My 8 week old kitten has a swollen belly and a protuding bottom, his trumps smell awful and he has had diaherra and stopped using the litter box. I have had him and his sister for nearly 2 weeks now. She is fine. I have starved him to see if the runs cleared up and they didnt really, i took them both for their first visit to the vets to make sure they were both ok. I explained to the vet what had been going on! He suggested a bland diet of rice or pasta etc and gave me some tablets to settle his stomach. They were both treated for worms, fleas and ear mites at the vets. I am concerned as its been 2 days now with a bland diet and his tablets and his belly hasnt gone down, however his poos have hardened slightly, should it be taking this long or should i march my youngest back to the vet? The havent had their jabs just yet as the vets told me to come back in about 8 days??


----------



## Bex_2011 (Jun 14, 2011)

i would take the little one to the vets. May have something wrong with the intestines.


----------



## miss_ferret (Feb 4, 2010)

you'l get more responses if you post in the other pets and exotics section : victory:

if your worried take the kitten back to the vets, other than guess work theres only so much people on a forum can reccomened : victory:


----------



## AshMashMash (Oct 28, 2007)

It needs re-seeing at the vets you took it to last time for sure! : victory:


----------



## kato (May 12, 2007)

AshMashMash said:


> It needs re-seeing at the vets you took it to last time for sure! : victory:


And what the hell do you know about Vets?:Na_Na_Na_Na:


----------



## craig 2011 (Jul 8, 2011)

try wormin it !


----------



## MrBump (Nov 13, 2009)

The worms can take about 48 hours to pass and this is the normal reason for swollen belly and the runs. Make sure your kitty stays hydrated, help it to drink water (no forcing though as you can force water into lungs and drown him) water will aslo help him pass normal poops which can sometimes be stuck and only runs will get past. try some bland chicken and then back to the vets. A kitty with the runs after 24 hrs is claased as severe and needs to be checked again. it took us 5 trips to vets to get it sorted out  

Kitty tummies are very sensitive and a change to rice and pasta will aslo upset thier tummy. So be aware it can take a kitty a few days to settle to a new diet.

Hope this helps


----------



## feorag (Jul 31, 2007)

Diarrhoea in young kittens is quite common, but it usually occurs for a day or two after they go to their new home. The protruding anus is probably because the kitten has diarrhoea and is pushing too hard. However, a swollen belly isn't normal at all. Does the belly feel hard and firm or soft and squishy like a hot water bottle with water in it.
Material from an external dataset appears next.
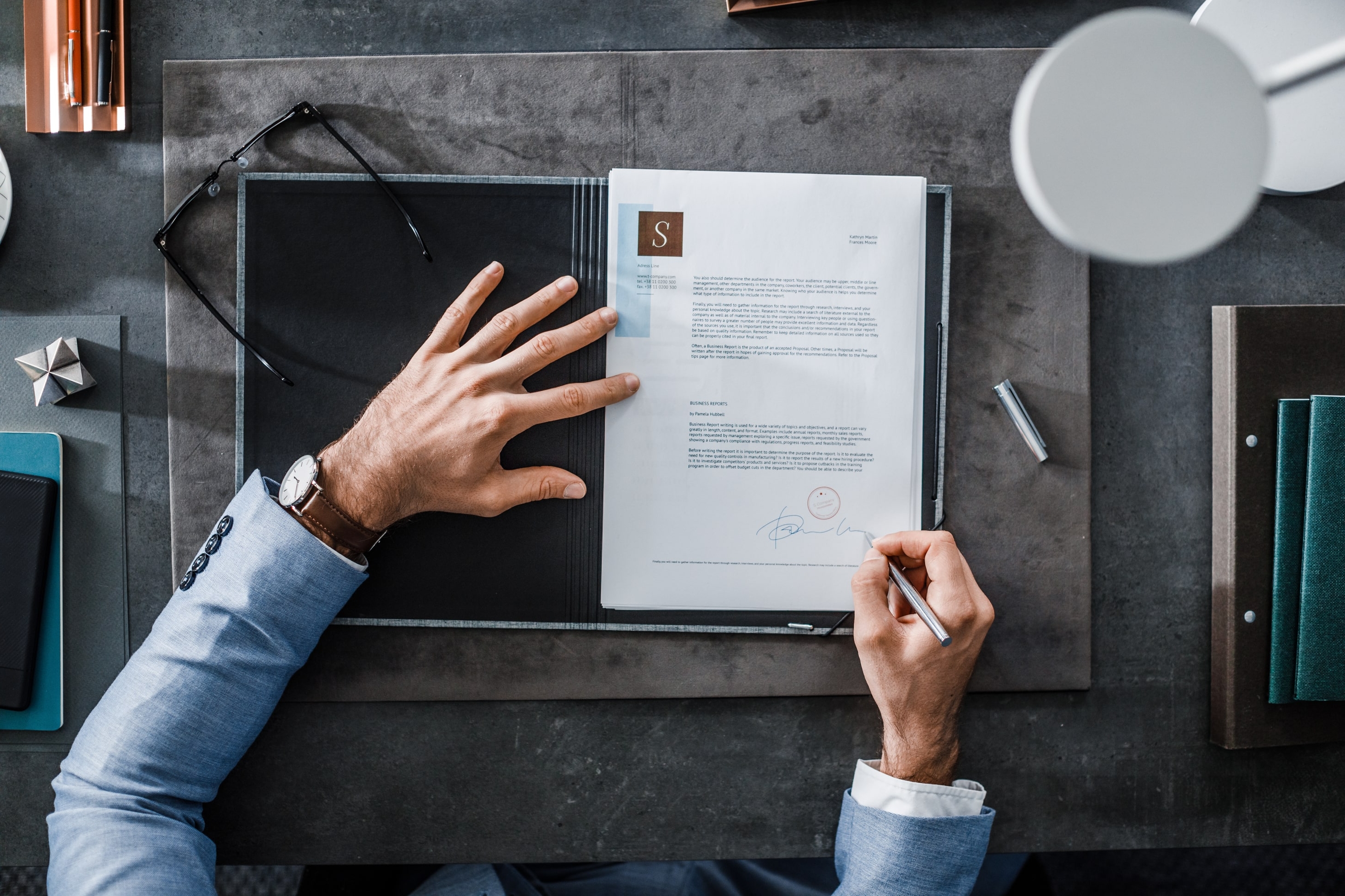 Sobald es keine Änderungswünsche mehr gibt, unterschreiben beide Parteien den Kaufvertrag, der durch Stempel und Unterschrift der Notarperson rechtskräftig wird. Sie erhalten eine Kopie des Vertrags.

Your kittens were far too young to leave their mother at 6 weeks - sorry but you should have left them with their mother and siblings (if there were any more) for at least another month.
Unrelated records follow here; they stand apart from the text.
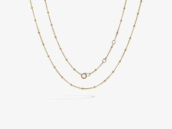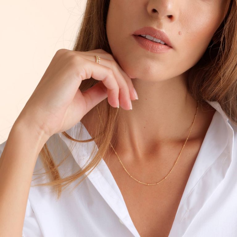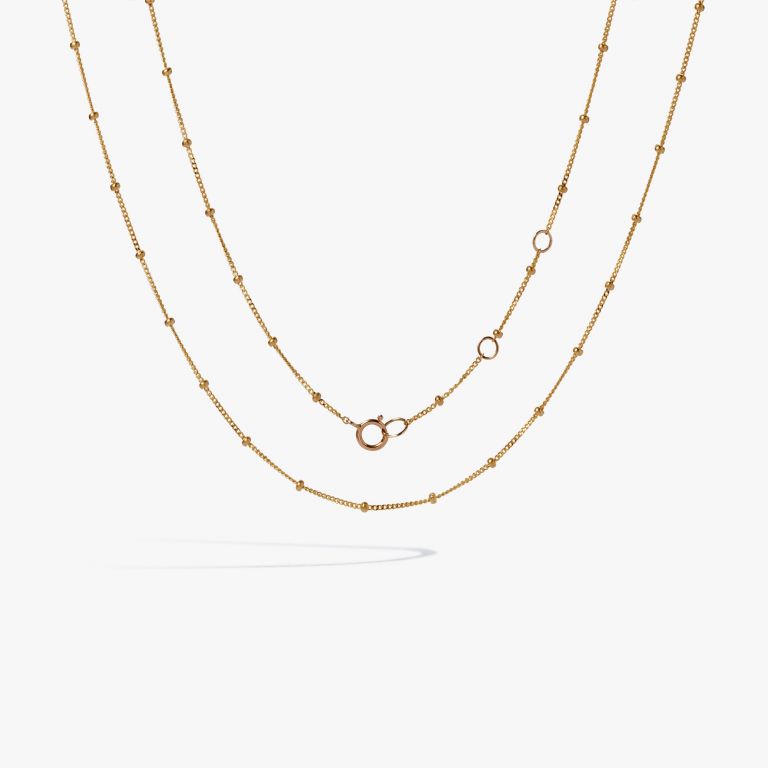 This Saturn Short Chain by Annoushka distills elegance into a refined 45cm gold necklace, designed with delicate golden orbs that offer texture and light. With adjustable length options and a classic bolt ring clasp, it’s a staple for layering with pendants or charms, or wearing alone for understated sophistication.
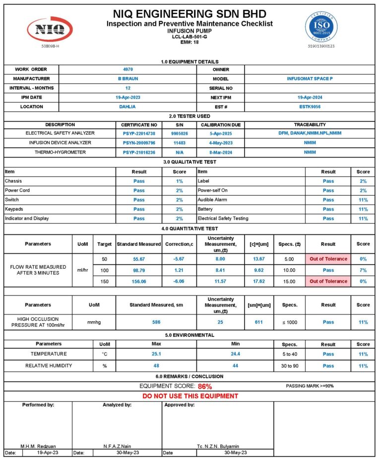 In conclusion, The application of uncertainty measurement techniques in calibrating medical equipment plays a crucial role in achieving accurate and reliable measurements. By quantifying measurement uncertainties, healthcare professionals can ensure precise diagnosis and treatment, comply with regulatory standards, mitigate risks, and drive advancements in research and development. Embracing uncertainty measurement as an integral part of the calibration process is essential for enhancing quality, safety, and efficiency in healthcare, ultimately benefiting both patients and the biomedical engineering community.
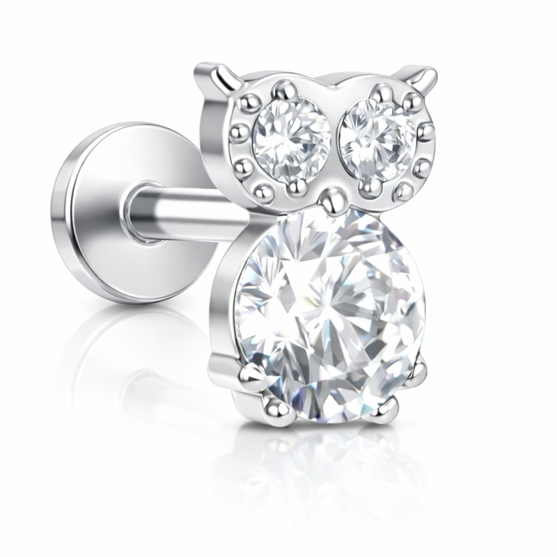 This owl-inspired flat back stud is crafted from ASTM F-136 implant-grade titanium, making it safe, lightweight, and biocompatible for both fresh and fully healed piercings. The playful yet elegant owl design features high-quality cubic zirconia (CZ) stones, offering brilliant shine while remaining gentle on the skin.
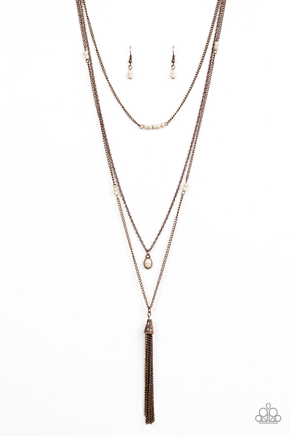 Threaded along a dainty rod, a row of refreshing white stones are suspended horizontally above a dainty white stone pendant. A shimmery copper tassel swings from the lowermost chain, adding a whimsical finish to the seasonal palette. Features an adjustable clasp closure.
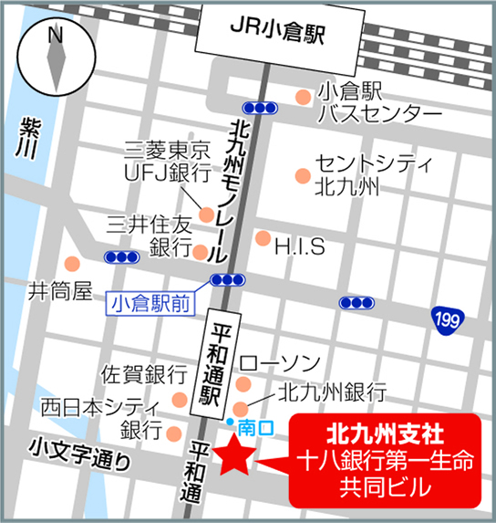 モノレール平和通駅の出入り口9から出て下さい。平和通りを小倉駅とは反対側(南側 道なり)へ進んでいただき平和通の交差点の角にあるビルが十八銀行第一生命共同ビルになります。

Stress brings on diarrhoea and cats and kittens stress very easily. Did you continue to feed exactly the same food that the kitten was being given at his breeder's house, or did you change it - that could cause diarrhoea.

As far as diet goes I would carry on with rice and chicken, but if the belly doesn't go back to normal by Monday I'd have the kitten back to the vets.

And kittens get their first vaccination at 9 weeks and their second at 12.


----------



## mcsleepyton (Jul 8, 2011)

The rice and pasta isnt going to brilliantly, he has been looking at me as though i have 2 heads when i put it out trying to persist with it. The eldest is fine with her food so i have stuck to the food that the previous owner was giving my youngest, which was supermarket own brand, my vet reccommended science plan or royal chain, i have a box of science plan which i havent opened yet.

His belly isnt rock solid if thats what you mean but its not what i would squishy.

His mother was run over the week before we collected so he didnt have much choice about not having her  

There is plenty of water in the house there is 3 bowls out for them both to drink from i just pick him up and put him to it so he knows they are there.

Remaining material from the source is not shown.